North Korea continues to violate international norms and mandates. It has violated the aforementioned bans on oil and textiles. We must not forget that denuclearization is an obligation for North Korea; it is a member state of the UN under binding directions from the Security Council to completely denuclearize in a verifiable and irreversible way.
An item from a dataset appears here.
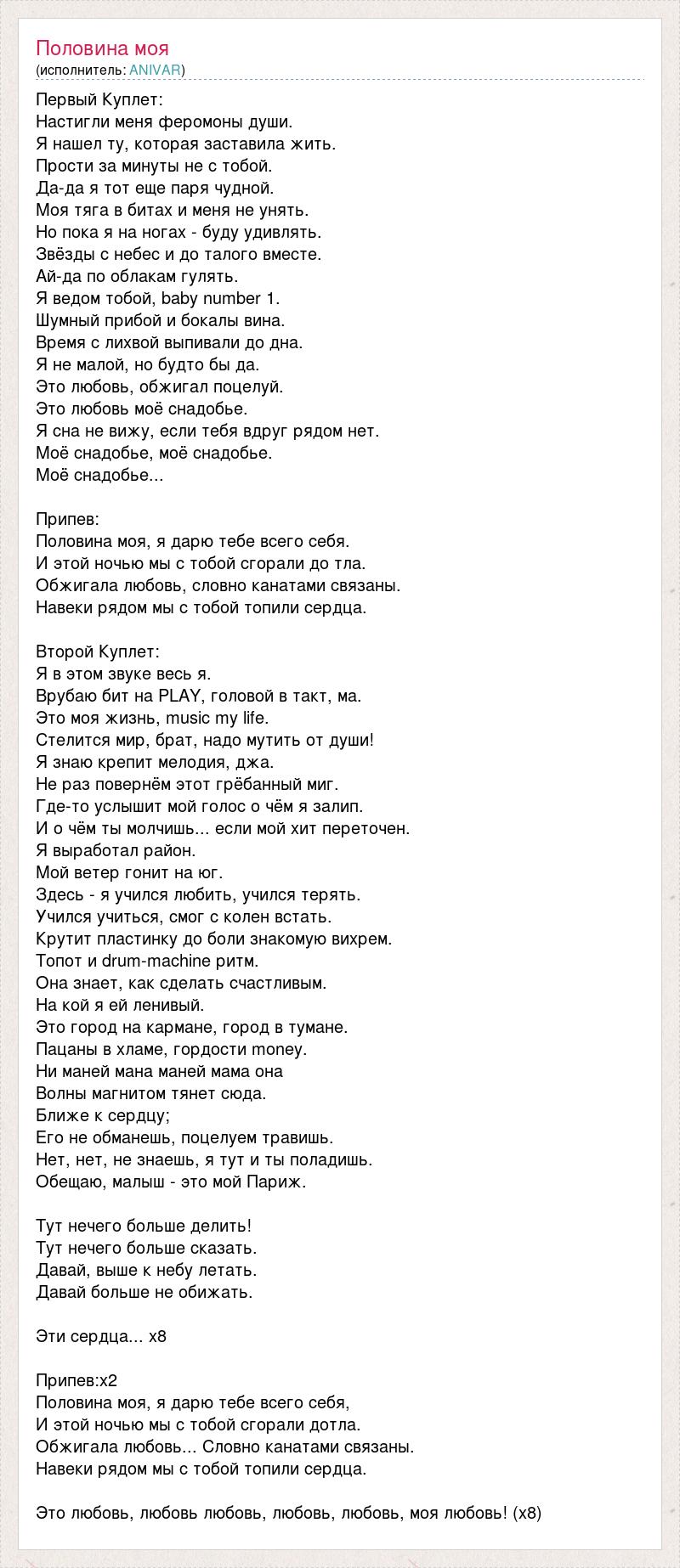 Первый Куплет: Настигли меня феромоны души. Я нашел ту, которая заставила жить. Прости за минуты не с тобой. Да-да я тот еще паря чудной. Моя тяга в битах и меня не унять. Но пока я на ногах - буду удивлять. Звёзды с небес и до талого вместе. Ай-да по облакам гулять. Я ведом тобой, baby number 1. Шумный прибой и бокалы вина. Время с лихвой выпивали до дна. Я не малой, но будто бы да. Это любовь, обжигал поцелуй. Это любовь моё снадобье. Я сна не вижу, если тебя вдруг рядом нет. Моё снадобье, моё снадобье. Моё снадобье... Припев: Половина моя, я дарю тебе всего себя. И этой ночью мы с тобой сгорали до тла. Обжигала любовь, словно канатами связаны. Навеки рядом мы с тобой топили сердца. Второй Куплет: Я в этом звуке весь я. Врубаю бит на PLAY, головой в такт, ма. Это моя жизнь, music my life. Стелится мир, брат, надо мутить от души! Я знаю крепит мелодия, джа. Не раз повернём этот грёбанный миг. Где-то услышит мой голос о чём я залип. И о чём ты молчишь... если мой хит переточен. Я выработал район. Мой ветер гонит на юг. Здесь - я учился любить, учился терять. Учился учиться, смог с колен встать. Крутит пластинку до боли знакомую вихрем. Топот и drum-machine ритм. Она знает, как сделать счастливым. На кой я ей ленивый. Это город на кармане, город в тумане. Пацаны в хламе, гордости money. Ни маней мана маней мама она Волны магнитом тянет сюда. Ближе к сердцу; Его не обманешь, поцелуем травишь. Нет, нет, не знаешь, я тут и ты поладишь. Обещаю, малыш - это мой Париж. Тут нечего больше делить! Тут нечего больше сказать. Давай, выше к небу летать. Давай больше не обижать. Эти сердца... x8 Припев:x2 Половина моя, я дарю тебе всего себя, И этой ночью мы с тобой сгорали дотла. Обжигала любовь... Словно канатами связаны. Навеки рядом мы с тобой топили сердца. Это любовь, любовь любовь, любовь, любовь, моя любовь! (х8)

In  light of its frequent past defections from international agreements, current mistrust of North Korea is understandable. Although President Moon, based on his assessment of North Korea’s economy as desperately weak, has recently reiterated his confidence in Kim Jong Un to follow through with his pledge to denuclearize, establishing a framework leading to CVID of North Korea’s nuclear weapons program remains a daunting task for Mike Pompeo and Stephen Biegun. There seems to be no clear-cut answer to this problem, but international cooperation and coordination between the US, China, South Korea, and Japan, is necessary to bring North Korea into compliance with international treaties and norms.